[Dataset excerpts]
------------

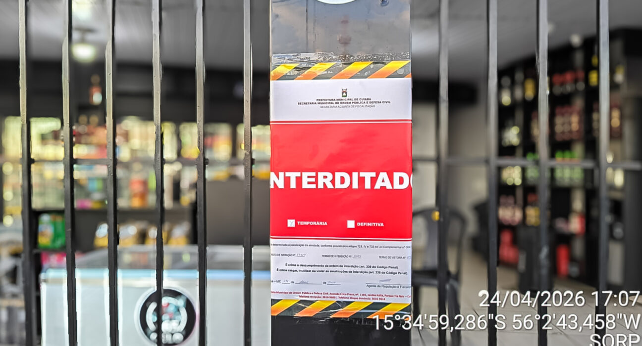 Uma distribuidora e tabacaria denunciada por poluição sonora foi interditada pela Prefeitura de Cuiabá, por meio da Secretaria Municipal de Ordem Pública (Sorp), após fiscalização constatar funcionamento irregular em área de passeio público, sem alvará de localização e funcionamento. A ação ocorreu na Avenida Governador Dante Martins de Oliveira, onde foi verificado que o estabelecimento exercia atividade comercial sobre o logradouro público.
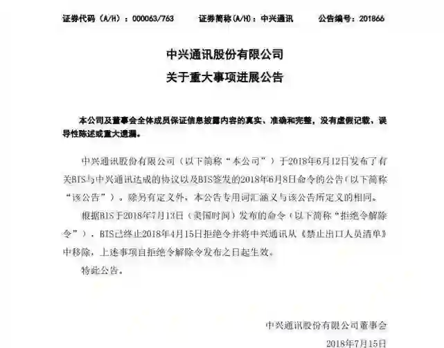 中兴通讯昨日发布公告称,BIS已终止2018年4月15日拒绝令并将中兴通讯从《禁止出口人员清单》中移除,上述事项自拒绝令解除令发布之日起生效。
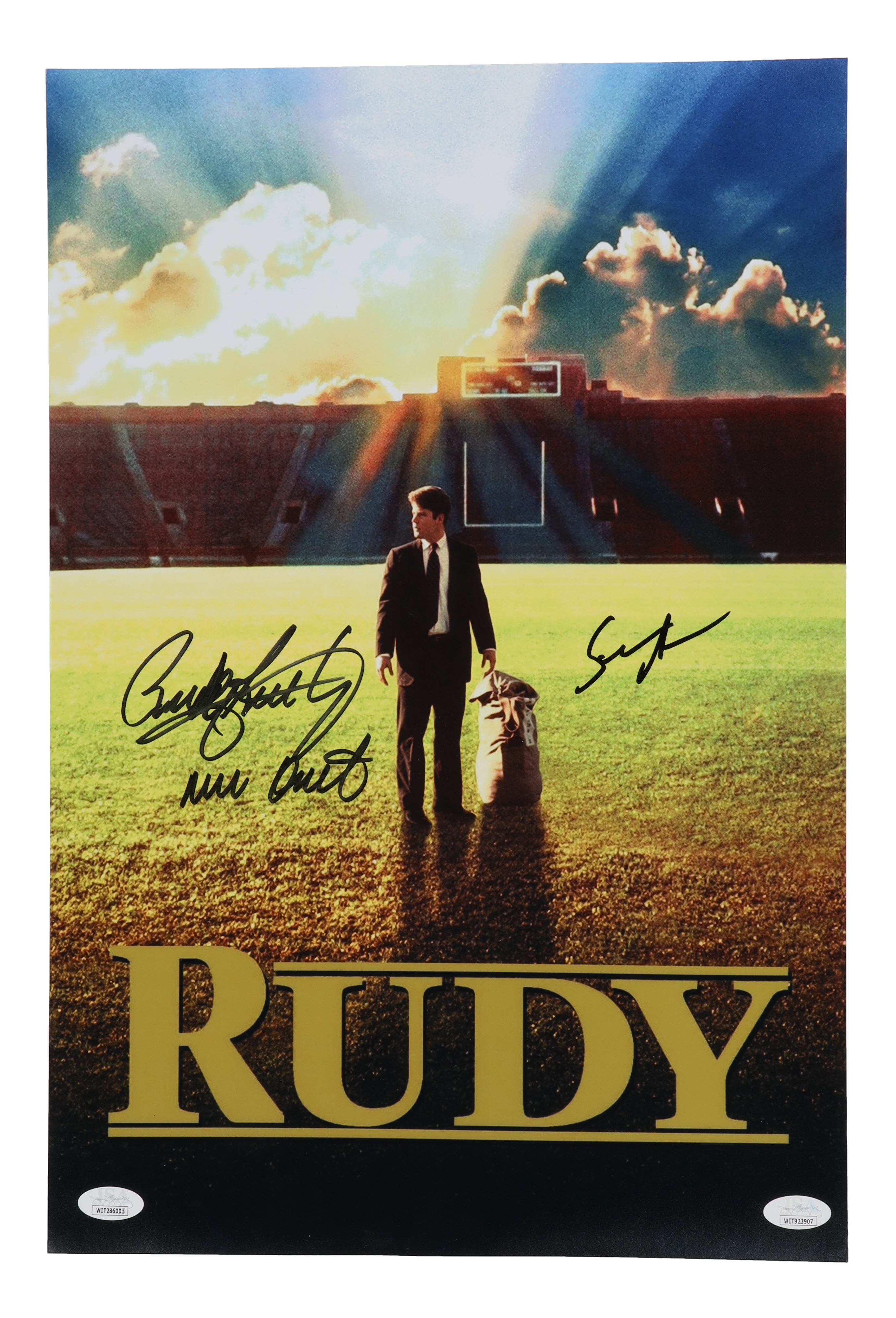 Photo measures approximately 12" x 18" in size and has been hand-signed and inscribed by Rudy Ruettiger (Notre Dame Fighting Irish) and Sean Astin (Rudy). Please note, the bottom of the photo is creased.
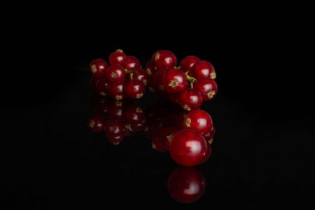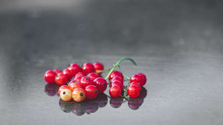 red currants on black granite background. reflection on polished granite surface. berries ready to eat, healthy food. Good fruits for soft drinks and vine making.
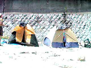結構のんびり走ったので、現着まで3時間くらいかかりました。早速、海辺にテントを張り、途中で買った酒類を海で冷やします? はっきり言って冷やしたつもりが全然冷えず(当たり前か)あまり美味しくは....
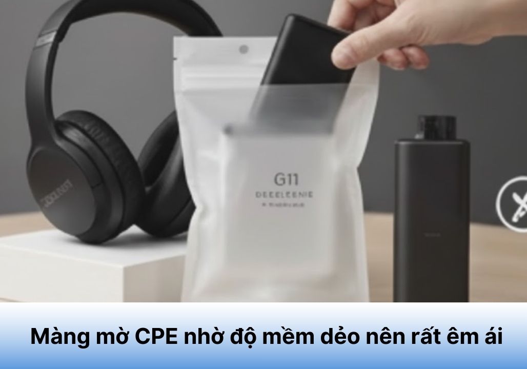 Túi nilon thường phát ra tiếng sột soạt lớn và đanh tai khi thao tác. Ngược lại, màng mờ CPE nhờ độ mềm dẻo nên rất êm ái, gần như không phát ra tiếng động khó chịu khi cầm nắm hay bóc mở. Sự tĩnh lặng này góp phần tạo nên trải nghiệm “unboxing” tinh tế và sang trọng.
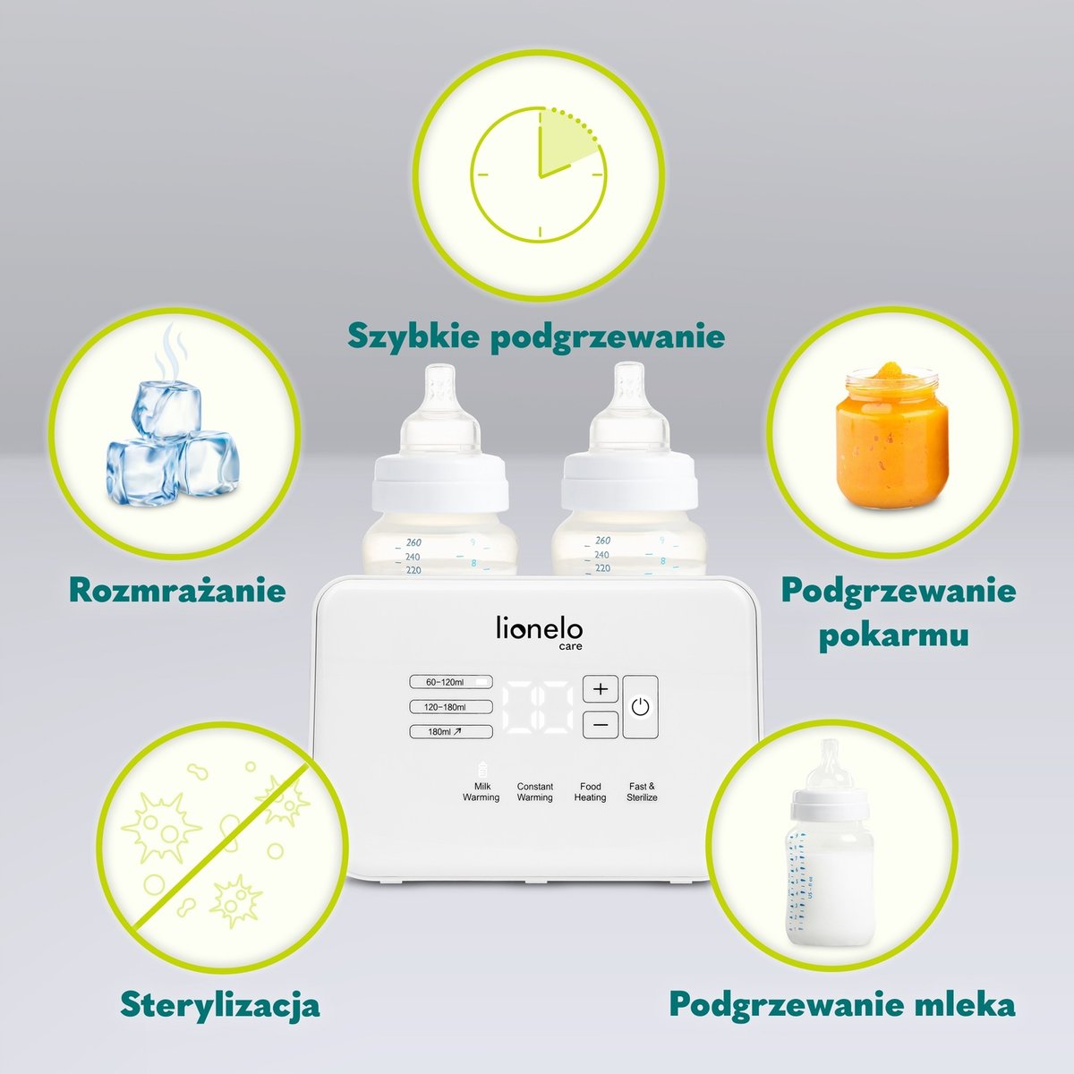 Podgrzewacz do butelek Lionelo Care Thermup Double został stworzony z myślą o wygodnym i intuicyjnym użytkowaniu, dzięki czemu zapewnia:

------------

- _What is being asked_: Find the line holding "Túi nilon thường" in the data above. Retype it and every later line exactly, through the end, but not the pictures.

- _Exercise answer_:
 Túi nilon thường phát ra tiếng sột soạt lớn và đanh tai khi thao tác. Ngược lại, màng mờ CPE nhờ độ mềm dẻo nên rất êm ái, gần như không phát ra tiếng động khó chịu khi cầm nắm hay bóc mở. Sự tĩnh lặng này góp phần tạo nên trải nghiệm “unboxing” tinh tế và sang trọng.
 Podgrzewacz do butelek Lionelo Care Thermup Double został stworzony z myślą o wygodnym i intuicyjnym użytkowaniu, dzięki czemu zapewnia:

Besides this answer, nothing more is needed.